Just south of I-10 on the east side of the San Simon Valley in the Peloncillo mountains lie several faults with old mines and prospects. One of these, the Johnny Bull mine, "produced an unknown amount of copper, mostly before 1905" (1). The site sits below McGee Peak on the west side of the Peloncillo mountains just across the ridge from the Carbonate Hill mine, another mine which produced lead, zinc, and silver. Parking at the turnoff to the mine the group headed up hill.

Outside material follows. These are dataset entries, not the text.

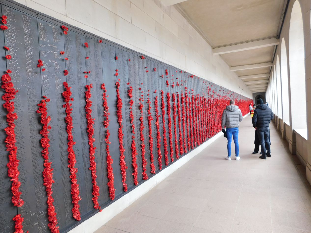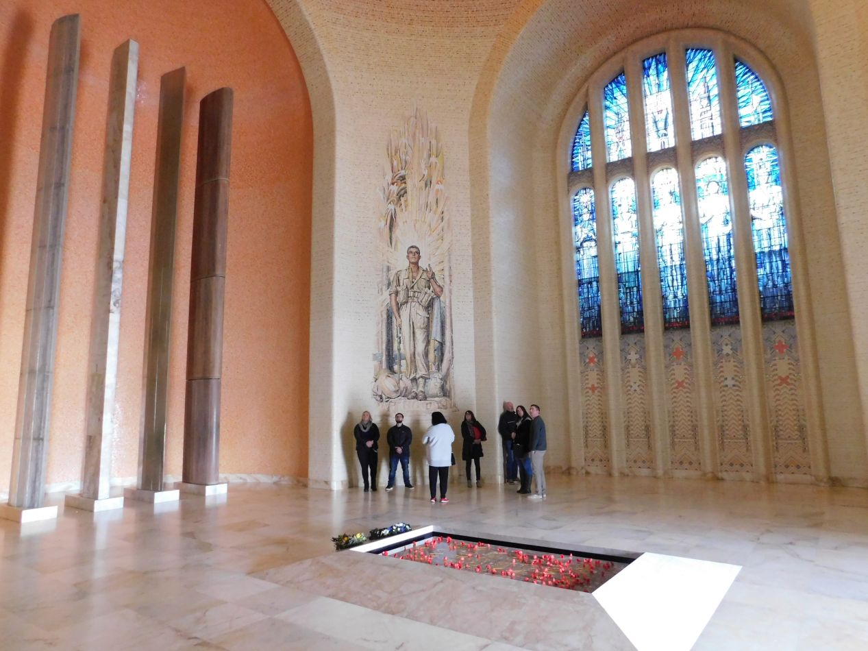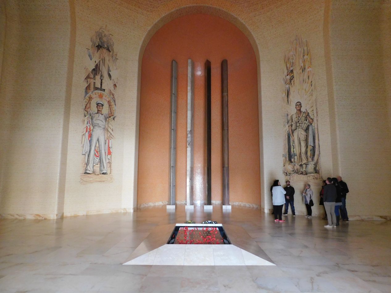 The center of the War Memorial holds the domed chamber known as the Hall of Memory, the oldest part of the building and the first to be completed in 1941. The entrance to this room is preceded by a narrow courtyard with a memorial pool surrounding an eternal flame, with two rows of arched columns flanking the pool on either side. These contain a series of bronze plaques naming more than 100,000 Australian servicemen and servicewomen killed in past conflicts or on peacekeeping operations. One of the two walls is entirely covered with the names of the 66,000 Australians who died in World War I while the other side holds the dead from World War II and more recent conflicts.
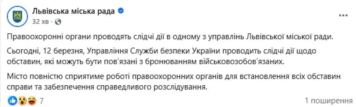 "Служба безпеки спільно з Львівською обласною прокуратурою проводить санкціоновані обшуки в окремих приміщеннях Львівської міської ради та підпорядкованого їй комунального підприємства. Наразі перевіряється інформація про можливу протиправну діяльність деяких посадовців", – зазначили в СБУ.
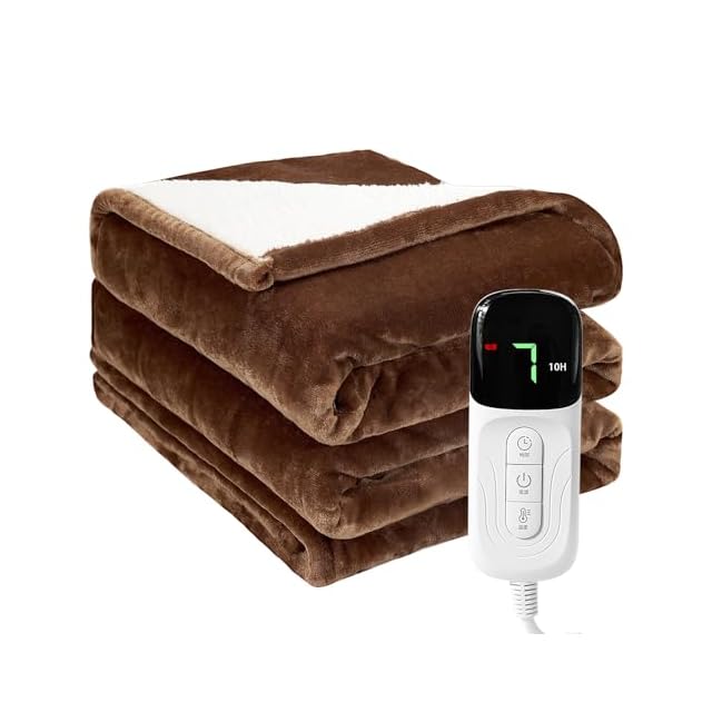 商品名:JUUE 電気毛布 掛け敷き兼用 160×130cm【7段階温度調整& 6段階タイマー】電気ブランケット 【フランネルとサンゴフリース 厚手生地】 3分速暖 恒温加熱 過熱保護 切り忘れ防止 省エネ 柔らか 丸洗い可 ダニ退治 抗菌防臭 防寒対策 暖房器具 肩掛け 膝掛け PSE認証済み(ブラウン)
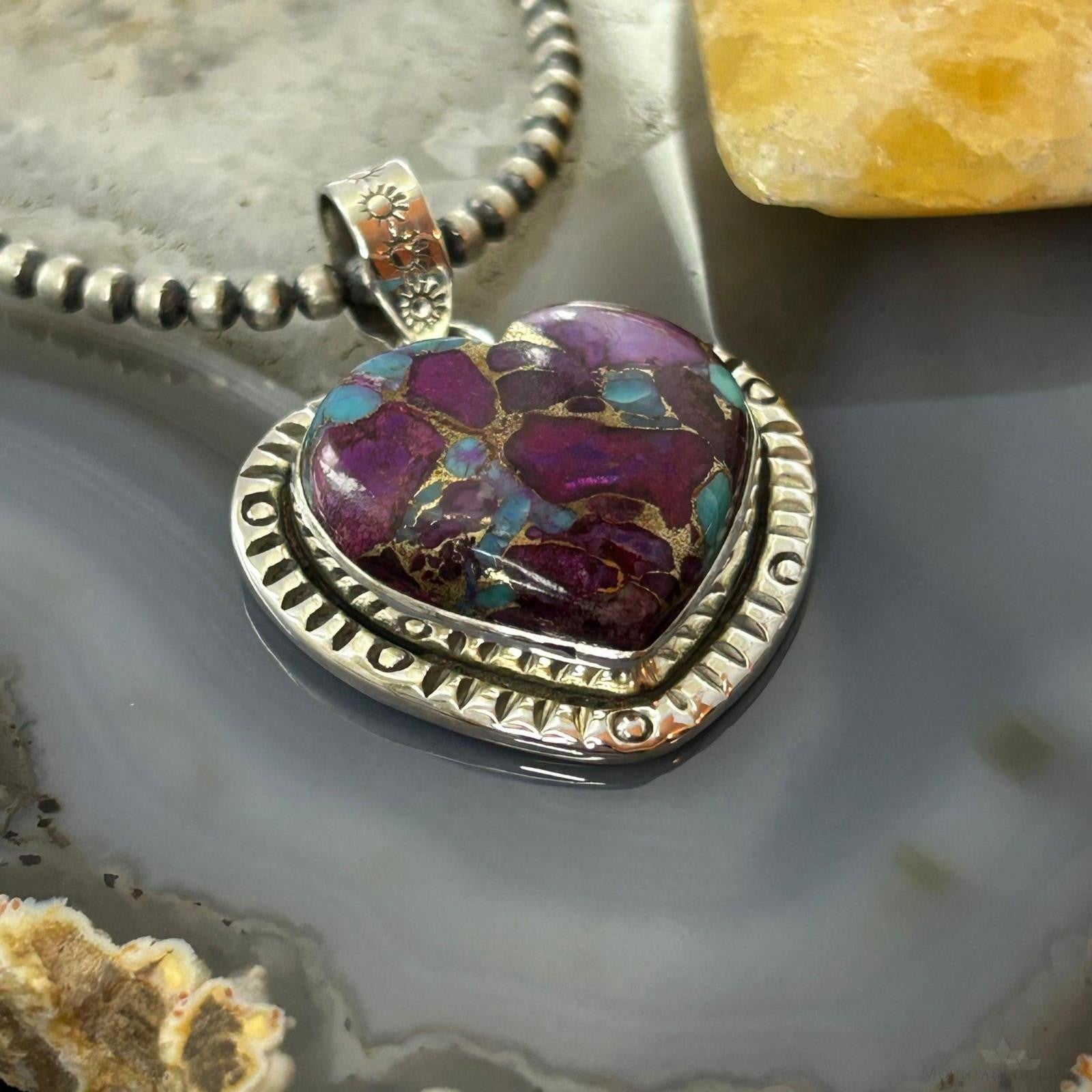 Sterling Silver Southwestern Style Purple Dahlia Heart Pendant For Women
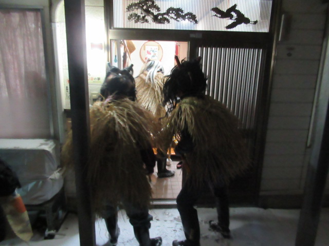12 玄関の内と外でなまはげ
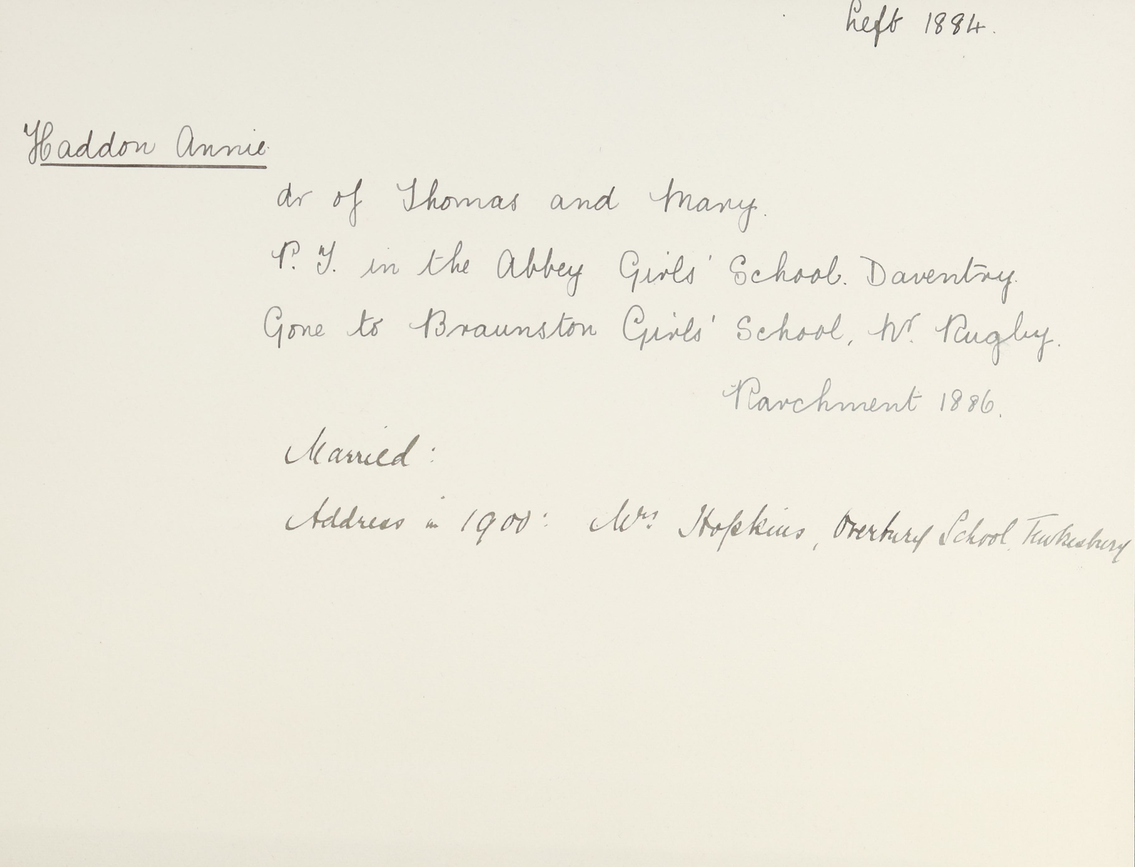 She is at 5 Abbey Street, Daventry. Her father is listed as ‘Agricultural Labourer’. Her brother, William, is listed as ‘Blacksmith’. Annie is listed as ‘Pupil Teacher’. Her mother is unlisted.
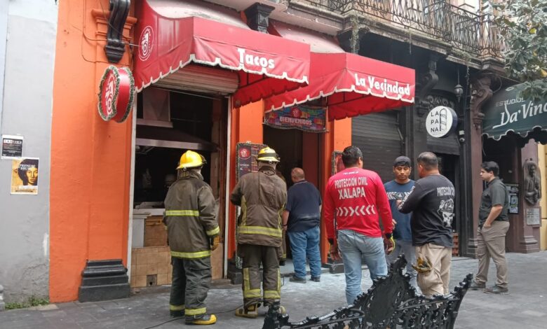 Incendio por cortocircuito en taquería del centro de Xalapa desata movilización
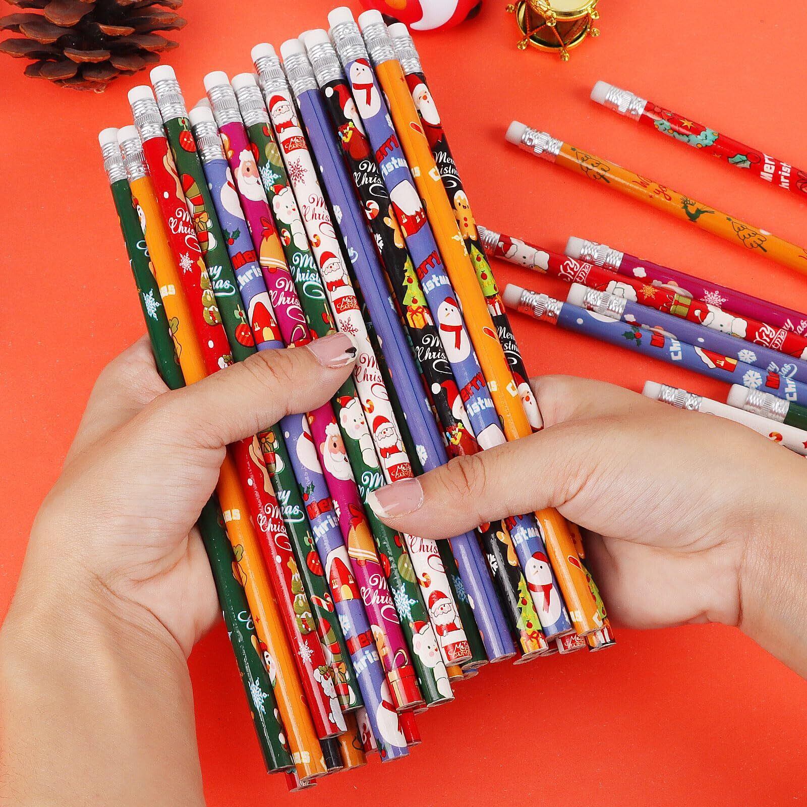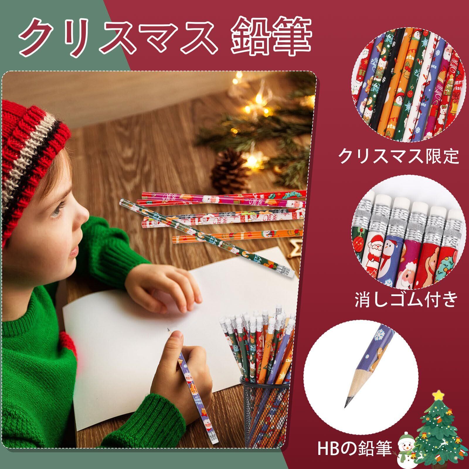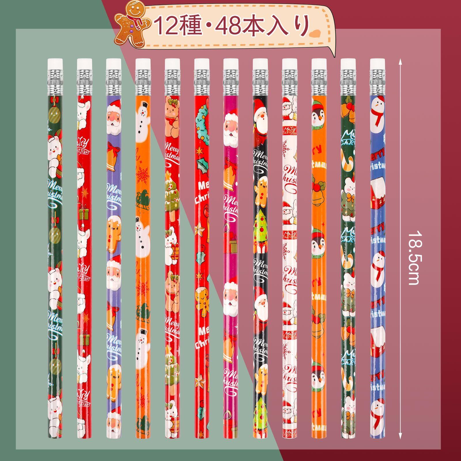 【2022最新】FINGOOO クリスマス 景品 鉛筆 えんぴつ 12種・48本入 教師用 ご褒美 可愛い HB 文房具 筆記具 プレゼント ギフト 学園祭 縁日 イベント お祭り (クリスマスA)
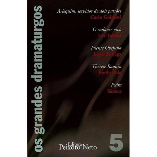 Embalagem de luxo contendo cinco livros da coleção Os grandes dramaturgos. Volumes 23 a 27. vol. 23: Arlequim, servidor de dois patrões, de Carlo Goldoni. vol. 24: O cadáver vivo, de Lev Tolstói. vol. 25: Fuente Ovejuna, de Lope de Vega. vol. 26: Thérèse Raquin, de Émile Zola. vol. 27: Fedra, de Sêneca.
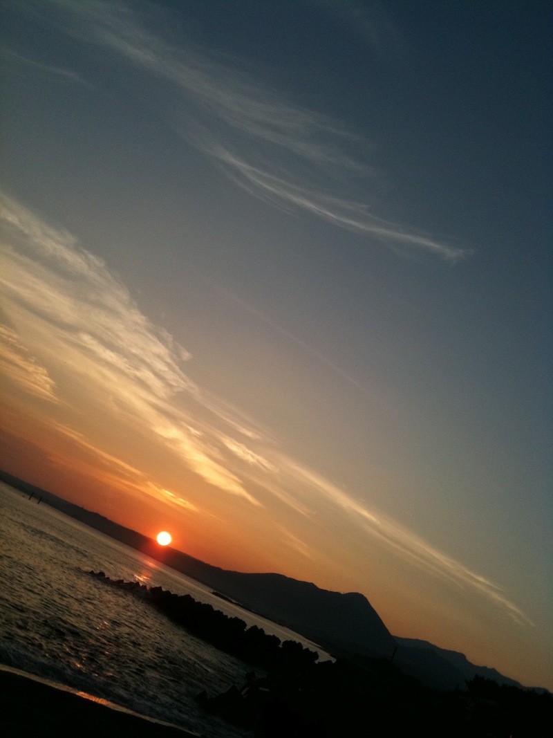 次の日は空が明るむ前に起きだして「伯耆のヒゲ爺」の異名を持つ僕の父親の案内で近くを流れる日野川の土手から歩いて皆生海岸の日の出を見に行きました。
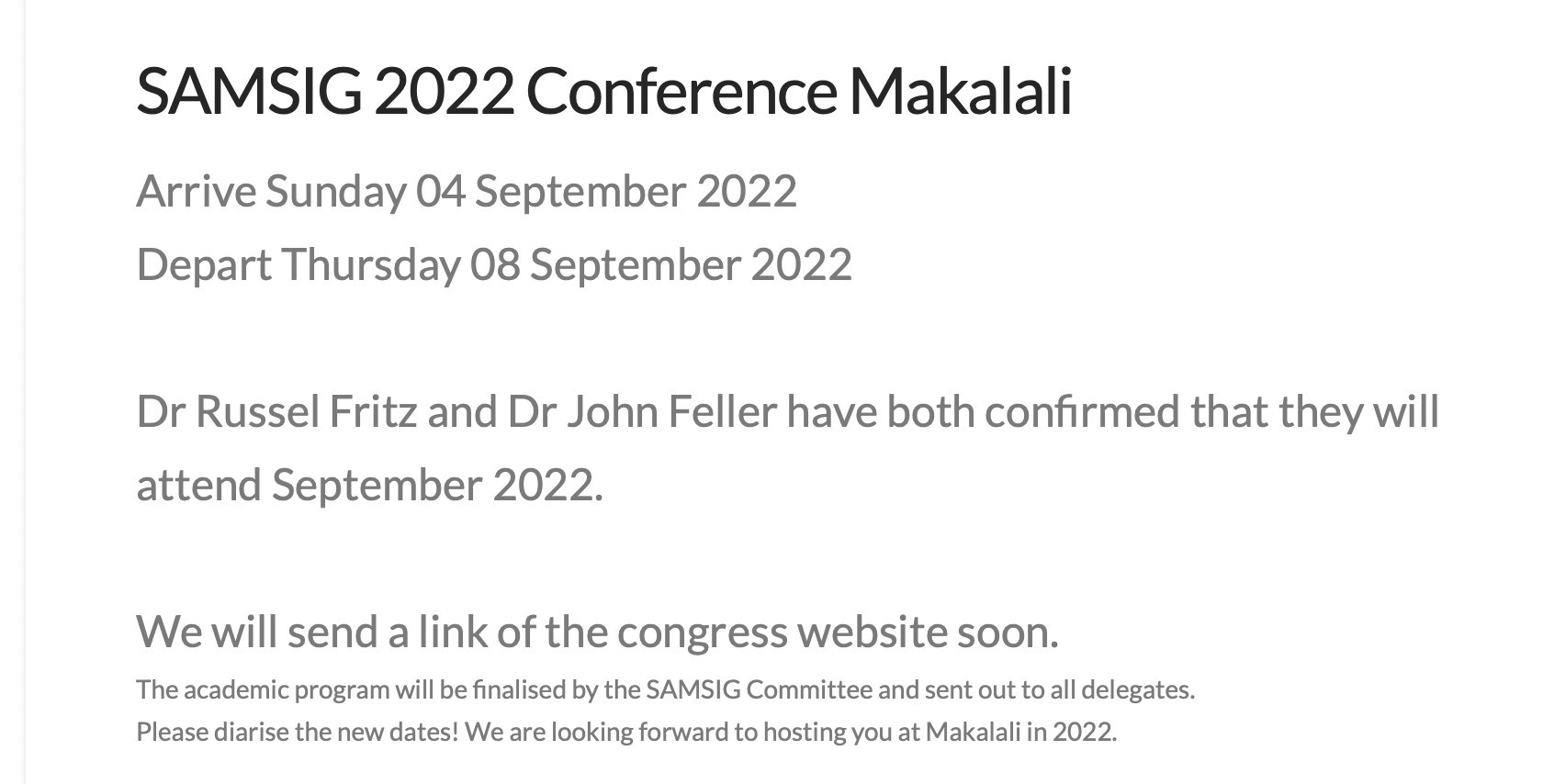We are proud to announce that the SAMSIG 2022 Conference is taking place between 4 and 8 September 2022 at Makalali Private Game Lodge in South Africa.

The area is characterized by Mississippian aged Escabrosa limestone
with an intrusive band of volcanic rock. Along the contact between these 2 groups and near the visible fault lines mineralization occurred and the mines and prospects are found along this interface. Vertically oriented bands of mineralization may be seen at the surface and in the old adits and shafts, see below. In the mine dump outside of one of the adits turquoise may be found. Small pieces, light to medium blue in color, dot the dump that spills down the hillside.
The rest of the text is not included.